Marion Dickerman (1890-1983) was born April 11, 1890, in Westfield, New York. She studied for two years at Wellesley College before transferring to Syracuse University, where she was an avid supporter of woman's suffrage and campaigned for protective labor legislation for women, the abolishment of child labor, and world peace. Marion received her bachelor of arts in 1911 and a graduate degree in education in 1912. After a brief teaching assignment in Canisteo, New York, in 1913 Marion moved to Fulton, New York, where she taught American history and became reacquainted with Syracuse classmate Nancy Cook, who taught arts and handicrafts at Fulton High School. The two women would become lifelong partners, living together almost their entire adult lives, sharing a life dedicated to politics, education, and progressive reform.
When World War I erupted, Marion and Nancy threw herself into war-related activities, especially working with the Red Cross and for the Liberty Loan drive. In early spring 1918, she and Nancy traveled to London to work for the women-staffed Endell Street Military Hospital. When they returned home the following August, Marion was amazed to learn that the Joint Legislative Committee and progressive Democratic leadership in Fulton had selected her to oppose Thaddeus Sweet, the anti-woman suffrage Republican speaker of the New York State Assembly. Marion had no chance of winning the election; however, with Nancy as her manager, she siphoned away enough votes to prevent Sweet from becoming the Republican gubernatorial nominee. In 1921, Marion accepted a position as dean at the New Jersey State College in Trenton and spent the summer teaching English at Bryn Mawr's Summer School for Women Workers. Unhappy, she looked for a job she loved closer to New York City, where Nancy had moved to accept a position with the State Democratic Committee. By summer 1922, Marion had moved to New York City and joined the faculty of the Todhunter School.
Marion met Eleanor Roosevelt in June 1922 when Marion accompanied Nancy, then the executive secretary of the Women's Division of the State Democratic Committee, to Hyde Park for a weekend visit. The three women, sharing political ideas and tremendous energy, became steadfast friends, working together for the Women's Trade Union League, the League of Women Voters, and the Democratic National Committee. As Eleanor Roosevelt recalled in her autobiography, "Miss Cook and Miss Dickerman and I . . . had been from the first drawn together through the work which we were doing together. This is, I think, one of the most satisfactory ways of making and keeping friends." By 1927, in addition to their political work, the three women would share the Val-Kill property, Val-Kill Industries, and the Todhunter School. Their friendship would last more than fifteen years.

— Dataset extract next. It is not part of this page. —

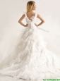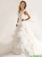 Popular Applique and Ruffled Layers Wedding Dresses with Deep V Neck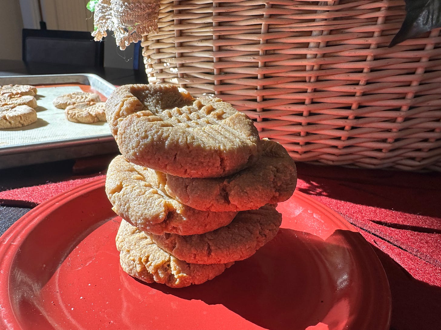 Mix into a stiff ball, divide into 12 balls, squish down with a fork, bake 350˚ for 11 minutes, remove and cool.

Marion and Nancy prided themselves as diplomatic workers in the sometimes difficult relationship of Eleanor and Franklin. Eventually Marion’s allegiance appeared to Eleanor to favor FDR. By 1932, Eleanor had other new friends like Lorena Hickok who disliked Marion, and Marion, elated by FDR's victory, could not appreciate Eleanor’s great anxiety over moving into the White House. By late 1933, as Eleanor’s responsibilities introduced her to a wider world and her interests and friendships expanded, she had less time to spend with Marion and Nancy. By 1936, when Val-Kill Industries dissolved, Eleanor relinquished her share of the cottage at Val-Kill in exchange for full and clear ownership of the former Val-Kill Industries factory building which she remodeled as a private residence where she could entertain without imposing on or involving Marion and Nancy. When Marion sought Eleanor’s active help in securing a loan from Bernard Baruch to expand the Todhunter School, Eleanor, who worried about the wisdom of expanding the school when the economy was not strong, refused to invest in the expansion and was relieved when the deal fell through.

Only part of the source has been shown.